DEBUG - 83554 - [acmeair-auth-service-client-ConnectionPoolCleanerThread] (ConnPoolByRoute.java:725) - Closing connections idle longer than 30000 MILLISECONDS
DEBUG - 83743 - [hystrix-AcmeAirPool-1] (BaseLoadBalancer.java:279) - LoadBalancer: pingIntervalSeconds set to 30
This took 189 ms on the first call, and I don't see it on the second call.
DEBUG - 83744 - [hystrix-AcmeAirPool-1] (BaseLoadBalancer.java:298) - LoadBalancer: maxTotalPingTime set to 2
INFO - 83808 - [hystrix-AcmeAirPool-1] (BaseLoadBalancer.java:184) - Client:acmeair-auth-service-client instantiated a LoadBalancer:DynamicServerListLoadBalancer:{NFLoadBalancer:name=acmeair-auth-service-client,current list of Servers=[],Load balancer stats=Zone stats: {},Server stats: []}ServerList:null
This took 64 ms on the first call, and I don't see it on the second call.
DEBUG - 83862 - [hystrix-AcmeAirPool-1] (DefaultClientConnection.java:271) - >> User-Agent: Apache-HttpClient/4.1.2 (java 1.5)
DEBUG - 84251 - [hystrix-AcmeAirPool-1] (Wire.java:63) - << "HTTP/1.1 200 OK[\r][\n]"
This took 389 ms on the first call, but only 15 ms on the second call.
DEBUG - 84266 - [hystrix-AcmeAirPool-1] (CreateTokenCommand.java:62) - responseString = {"id":"fcefca64-23f7-46d9-a927-d15c26b28430","customerid":"
ui...@email.com","lastAccessedTime":1374541545537,"timeoutTime":1374627945537}
ERROR - 84390 - [http-bio-8080-exec-4] (CreateTokenCommand.java:77) - calling CreateTokenCommand fallback
This took 124 ms in the first call and represents the time it took for my app to deserialize the message.
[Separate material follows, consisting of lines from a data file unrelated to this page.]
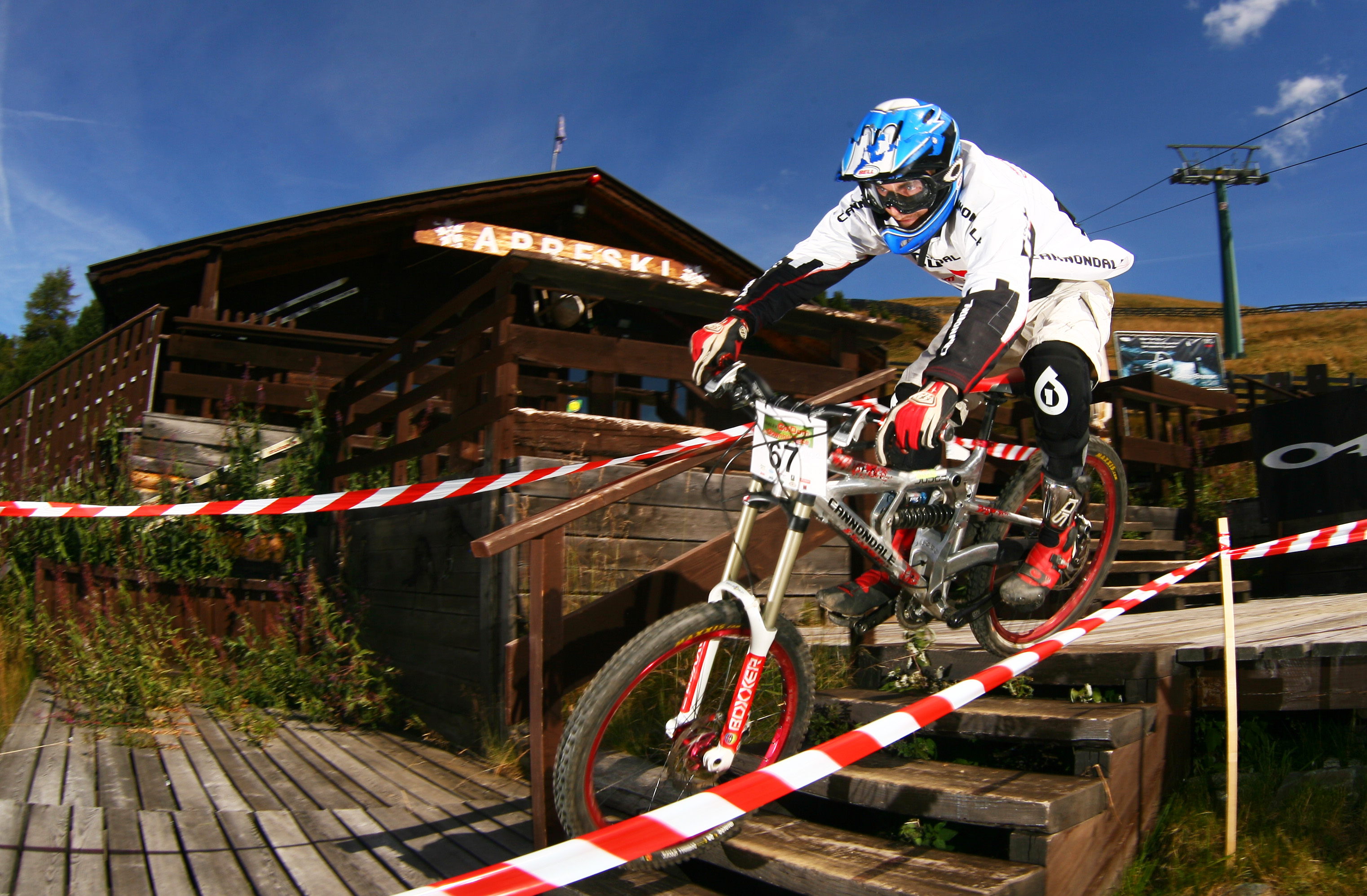 Rider: Maxi Dickerhoff.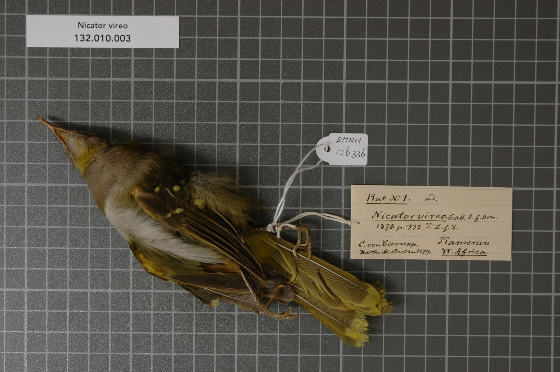 Nicator vireo Cabanis, 1876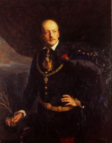 Portrait of Count Leopold Berchtold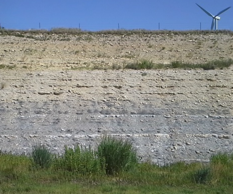 The upper units, Pfeifer Shale (buff), Jetmore Chalk (beige), and Hartland Shale (grey) of the Greenhorn Limestone formation visible in the road cut on Interstate 70 in Kansas, as it climbs over the first of the middle range of the Smoky Hills at the Smoky Hills Wind Farm west of Salina, Kansas.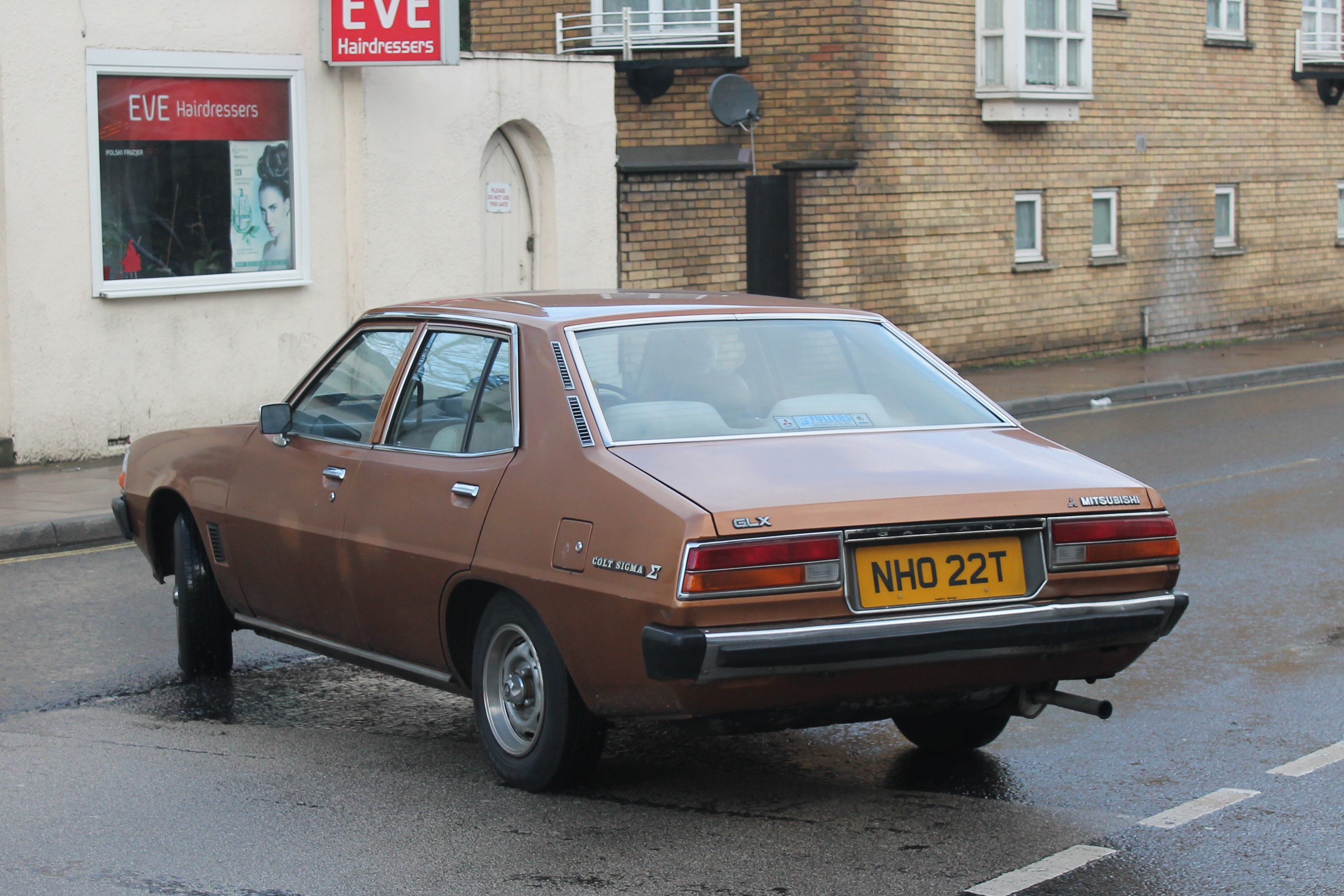 Possibly my best ever UK find is this delight. I was walking up to the junction when I heard this coughing and spluttering old engine and I thought "hang on a minute, that sounds like an interesting car". And lo and behold, this came around the corner with an elderly gentleman at the wheel. He then proceeded to thrash it out into the main road here, very slowly! Talk about being in the right place at the right time, 30 seconds either side and I would've missed it! Well, it was a rather nice 1978 registered Colt Sigma (full name Mitsubishi Galant Colt Sigma GLX!) It was in such a great period brown colour, and the interior looked very brown too! I think it's fantastically good looking in that 70s Japanese way. It looked very well looked after too, and original, the plus side of OAP ownership. Good to see he intends to hold on to it, as it's taxed well into this year. This is one of just four Colt Sigmas on the road, and two are on SORN. The vehicle details for NHO 22T are: Date of Liability 01 10 2014 Date of First Registration 08 12 1978 Year of Manufacture 1978 Cylinder Capacity (cc) 1995cc CO₂ Emissions Not Available Fuel Type PETROL Export Marker N Vehicle Status Licence Not Due Vehicle Colour BROWN Vehicle Type Approval Not Available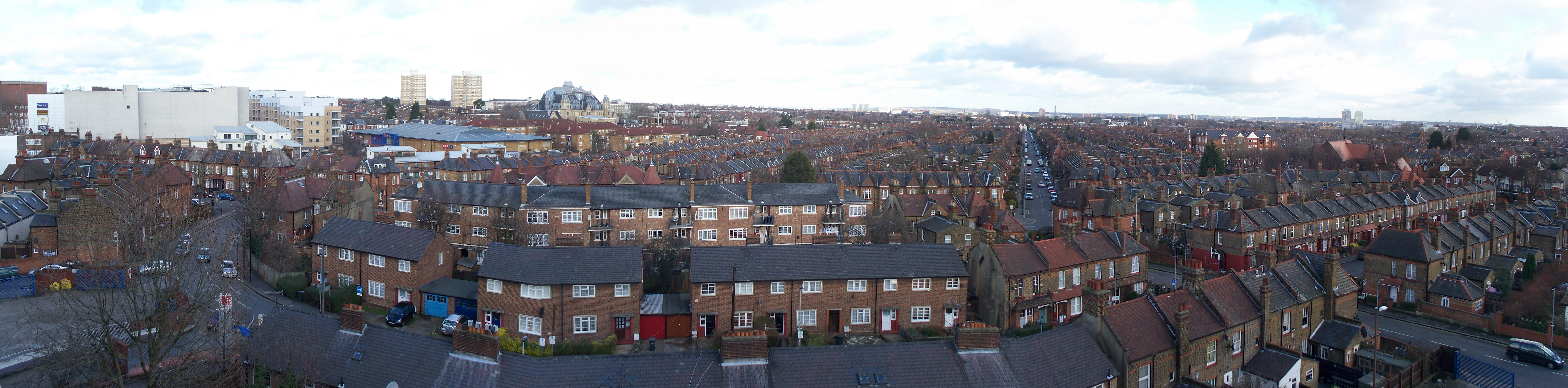 Noel Park, London N22. Photograph taken in a public location in the UK of a building on permanent public display, and exempt from copyright under Section 62 of the Copyright Designs & Patents Act 1988 ("it is not an infringement of copyright to film, photograph, broadcast or make a graphic image of a building, sculpture, models for buildings or work of artistic craftsmanship if that work is permanently situated in a public place or in premises open to the public")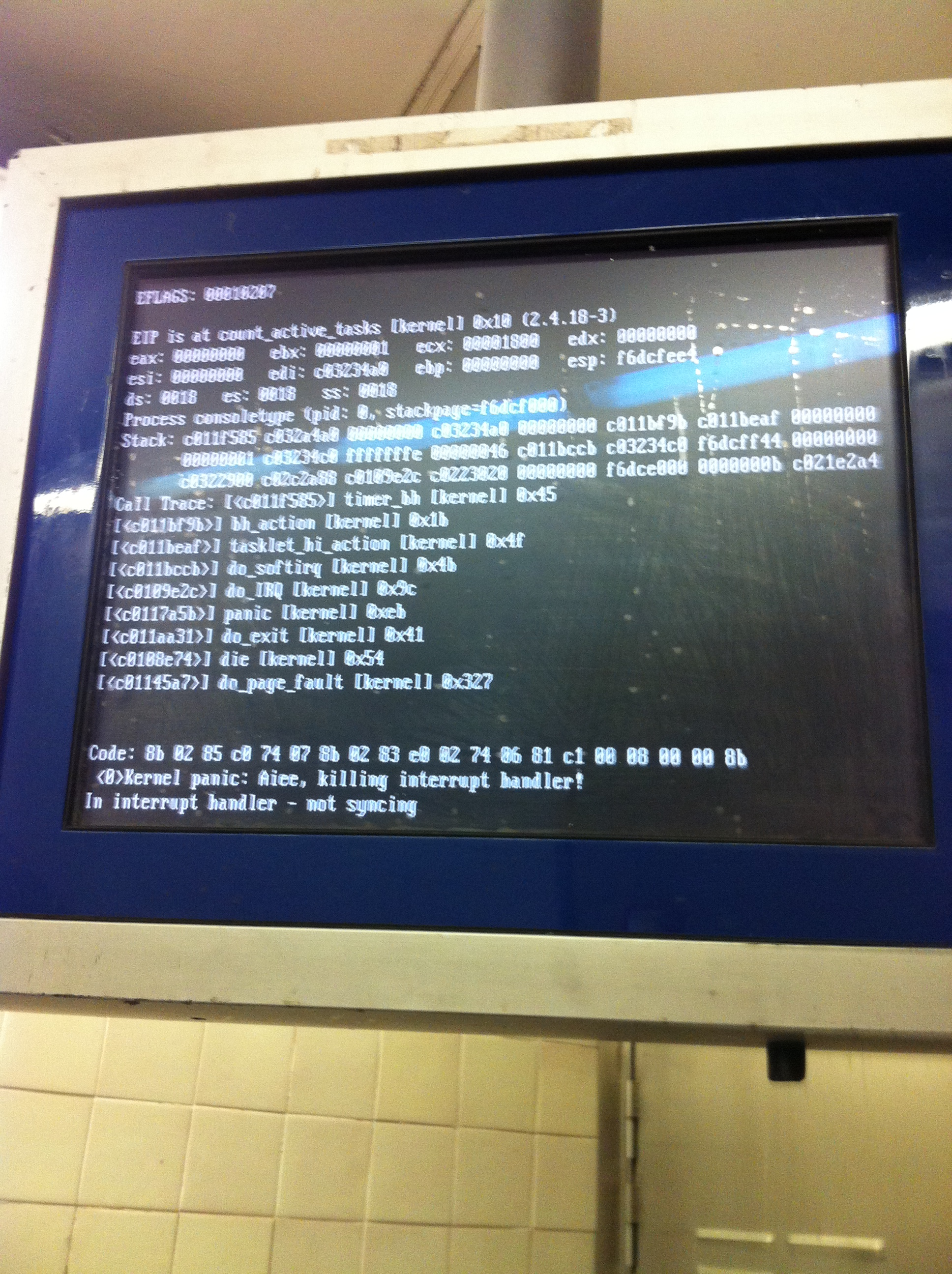 Linux kernel panic on a RATP Paris public transportation information screen.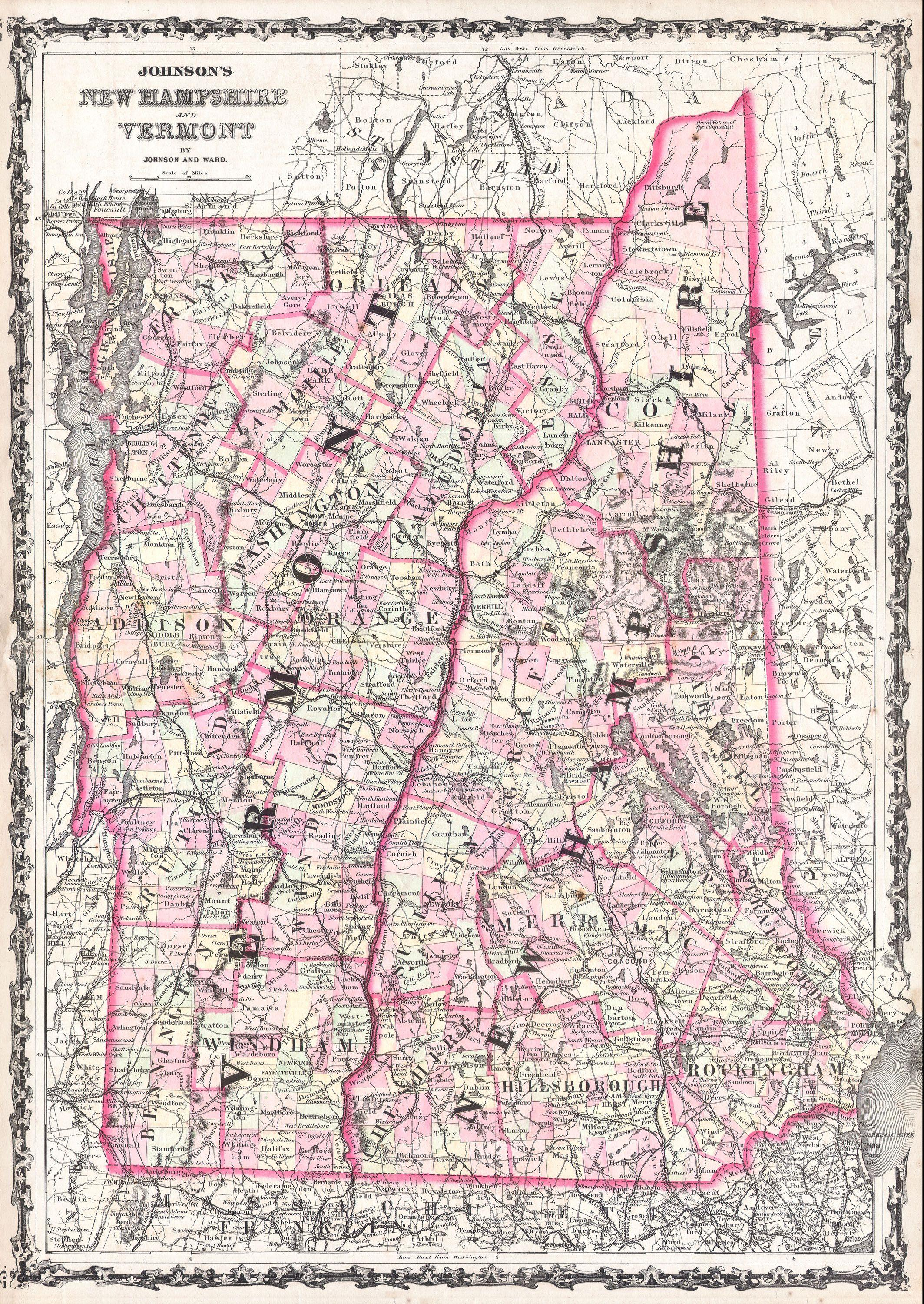 This is a beautifully hand colored 1862 map of Vermont and New Hampshire by A. J. Johnson. Depicts the two states in stupendous detail with even individual buildings drawn in. This early variation of the Johnson map appears only in the 1860 – 1862 editions of the Atlas. The plates for Vermont and New Hampshire were redesigned for the 1863 and all subsequent editions of the Johnson’s Atlas.

On the second call, the fallback isn't called, but in the second call it must have taken 10 ms or less.
So I think this shows that the initial Ribbon (with Eureka)/Hystrix and connection establishment along with slower on first invocation Jackson deserialization just happens to take slightly over 1000 ms. My guess it that this failure happens across threads given I ramp up the users in parallel and the connection pool slowness is likely to happen until the pool grows to the thread pool size.
I talked to others at the bootcamp that saw the same behavior. I'd suggest those people do the same as I did - using debugging to measure the first execution time to ensure it is longer than the timeout and therefore hystrix is "failing" the call as expected.
I wonder if this is rather typical in Netflix usage? I wonder if it's typical that the first request fails. The code I have in my command is pretty standard following the rss recipe sample of ribbon usage. I also wonder if there is some way to let Hystrix be more accepting until warmup has occurred.